(Beginning of DATA SHOWN)
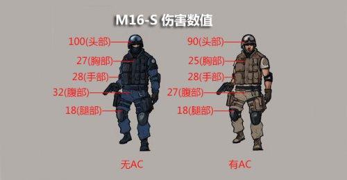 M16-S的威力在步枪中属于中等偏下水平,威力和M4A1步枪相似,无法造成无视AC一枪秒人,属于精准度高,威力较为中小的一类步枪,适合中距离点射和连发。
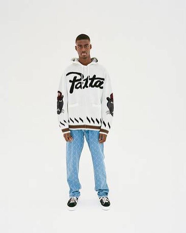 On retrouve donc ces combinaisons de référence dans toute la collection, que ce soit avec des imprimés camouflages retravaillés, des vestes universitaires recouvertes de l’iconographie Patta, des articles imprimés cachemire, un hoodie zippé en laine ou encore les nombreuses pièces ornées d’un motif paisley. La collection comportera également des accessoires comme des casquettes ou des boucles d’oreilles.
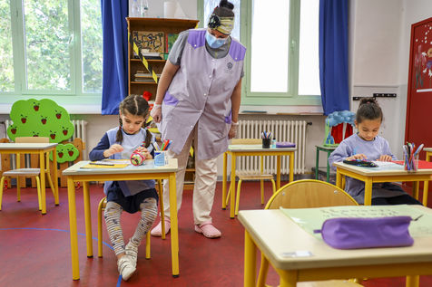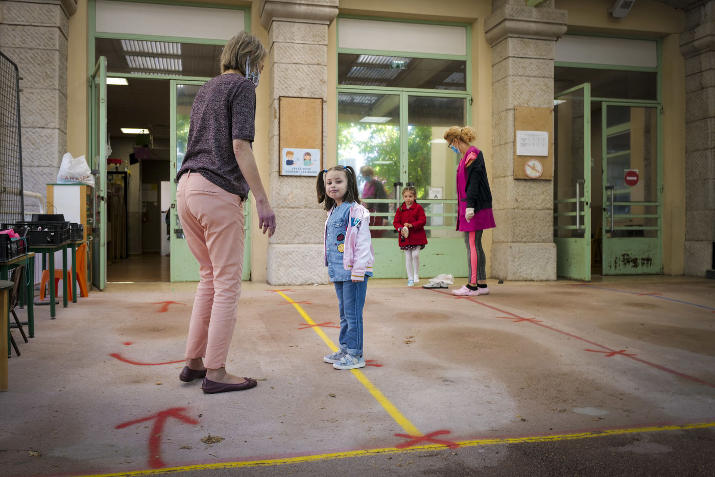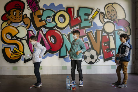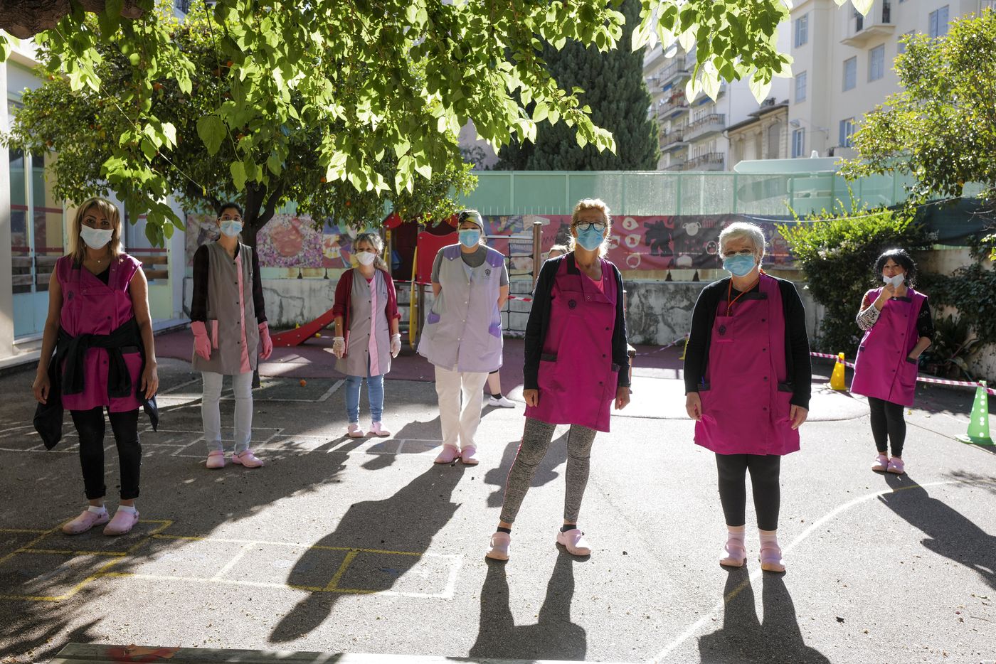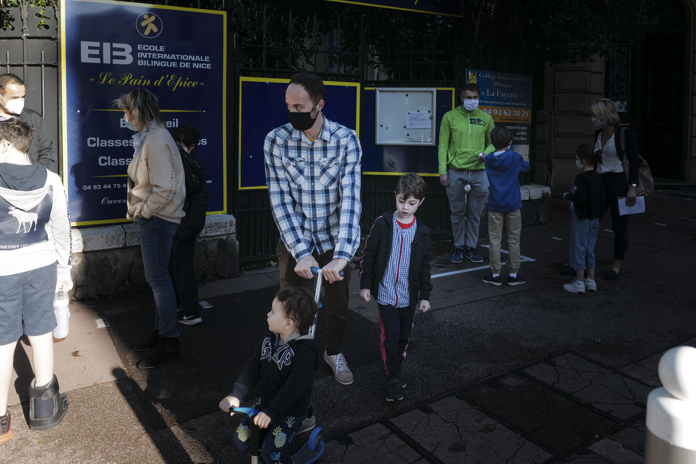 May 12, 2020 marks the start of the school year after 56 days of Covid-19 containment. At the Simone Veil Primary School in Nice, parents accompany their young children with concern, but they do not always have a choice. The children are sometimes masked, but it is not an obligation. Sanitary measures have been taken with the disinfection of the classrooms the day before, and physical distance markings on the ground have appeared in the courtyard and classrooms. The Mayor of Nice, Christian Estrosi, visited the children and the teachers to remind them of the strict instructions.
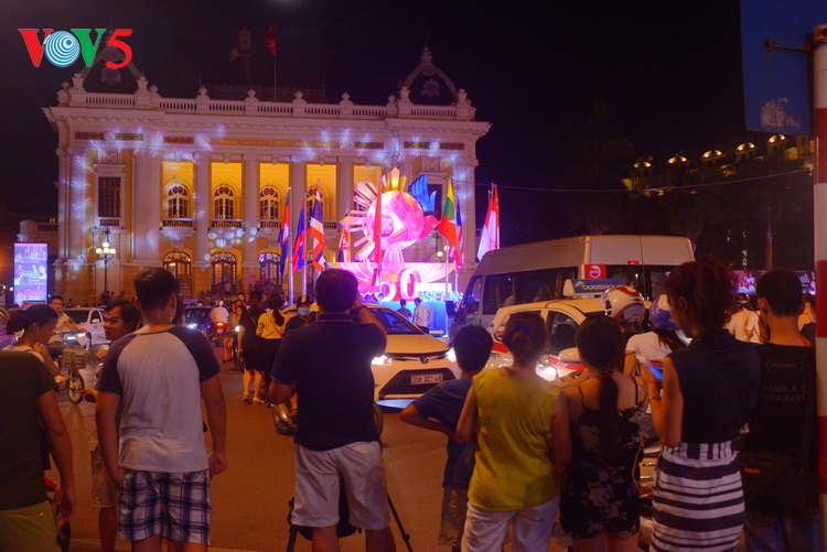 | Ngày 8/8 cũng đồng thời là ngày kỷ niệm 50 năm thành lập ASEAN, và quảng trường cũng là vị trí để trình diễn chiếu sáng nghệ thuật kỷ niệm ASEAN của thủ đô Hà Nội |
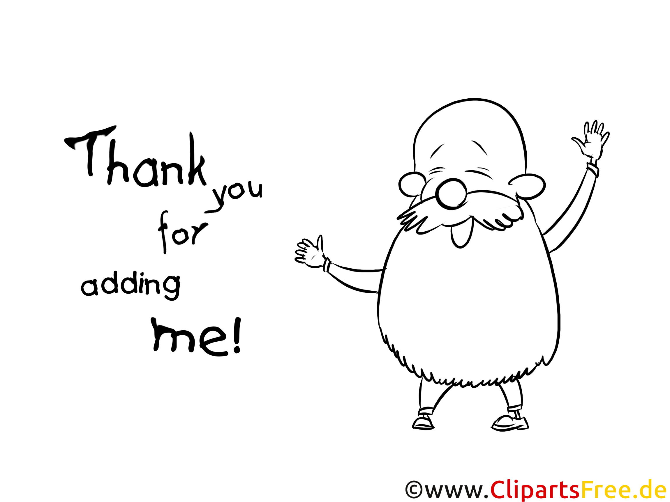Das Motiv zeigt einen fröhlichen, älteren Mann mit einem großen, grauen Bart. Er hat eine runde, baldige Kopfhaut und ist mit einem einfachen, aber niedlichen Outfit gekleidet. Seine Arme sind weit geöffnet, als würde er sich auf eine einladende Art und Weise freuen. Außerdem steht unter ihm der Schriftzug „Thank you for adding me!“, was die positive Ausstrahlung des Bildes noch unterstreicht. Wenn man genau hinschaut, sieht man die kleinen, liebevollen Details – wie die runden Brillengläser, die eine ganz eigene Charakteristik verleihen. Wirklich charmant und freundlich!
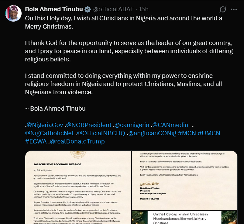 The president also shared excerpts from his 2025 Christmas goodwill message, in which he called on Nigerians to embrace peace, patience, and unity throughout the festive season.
(End of DATA SHOWN)
* INSTRUCTIONS FOR THE TASK *
Working from the material above, transcribe it exactly while omitting pictures.

* RESULT OF THE EXERCISE *
 M16-S的威力在步枪中属于中等偏下水平,威力和M4A1步枪相似,无法造成无视AC一枪秒人,属于精准度高,威力较为中小的一类步枪,适合中距离点射和连发。
 On retrouve donc ces combinaisons de référence dans toute la collection, que ce soit avec des imprimés camouflages retravaillés, des vestes universitaires recouvertes de l’iconographie Patta, des articles imprimés cachemire, un hoodie zippé en laine ou encore les nombreuses pièces ornées d’un motif paisley. La collection comportera également des accessoires comme des casquettes ou des boucles d’oreilles.
 May 12, 2020 marks the start of the school year after 56 days of Covid-19 containment. At the Simone Veil Primary School in Nice, parents accompany their young children with concern, but they do not always have a choice. The children are sometimes masked, but it is not an obligation. Sanitary measures have been taken with the disinfection of the classrooms the day before, and physical distance markings on the ground have appeared in the courtyard and classrooms. The Mayor of Nice, Christian Estrosi, visited the children and the teachers to remind them of the strict instructions.
 | Ngày 8/8 cũng đồng thời là ngày kỷ niệm 50 năm thành lập ASEAN, và quảng trường cũng là vị trí để trình diễn chiếu sáng nghệ thuật kỷ niệm ASEAN của thủ đô Hà Nội |
Das Motiv zeigt einen fröhlichen, älteren Mann mit einem großen, grauen Bart. Er hat eine runde, baldige Kopfhaut und ist mit einem einfachen, aber niedlichen Outfit gekleidet. Seine Arme sind weit geöffnet, als würde er sich auf eine einladende Art und Weise freuen. Außerdem steht unter ihm der Schriftzug „Thank you for adding me!“, was die positive Ausstrahlung des Bildes noch unterstreicht. Wenn man genau hinschaut, sieht man die kleinen, liebevollen Details – wie die runden Brillengläser, die eine ganz eigene Charakteristik verleihen. Wirklich charmant und freundlich!
 The president also shared excerpts from his 2025 Christmas goodwill message, in which he called on Nigerians to embrace peace, patience, and unity throughout the festive season.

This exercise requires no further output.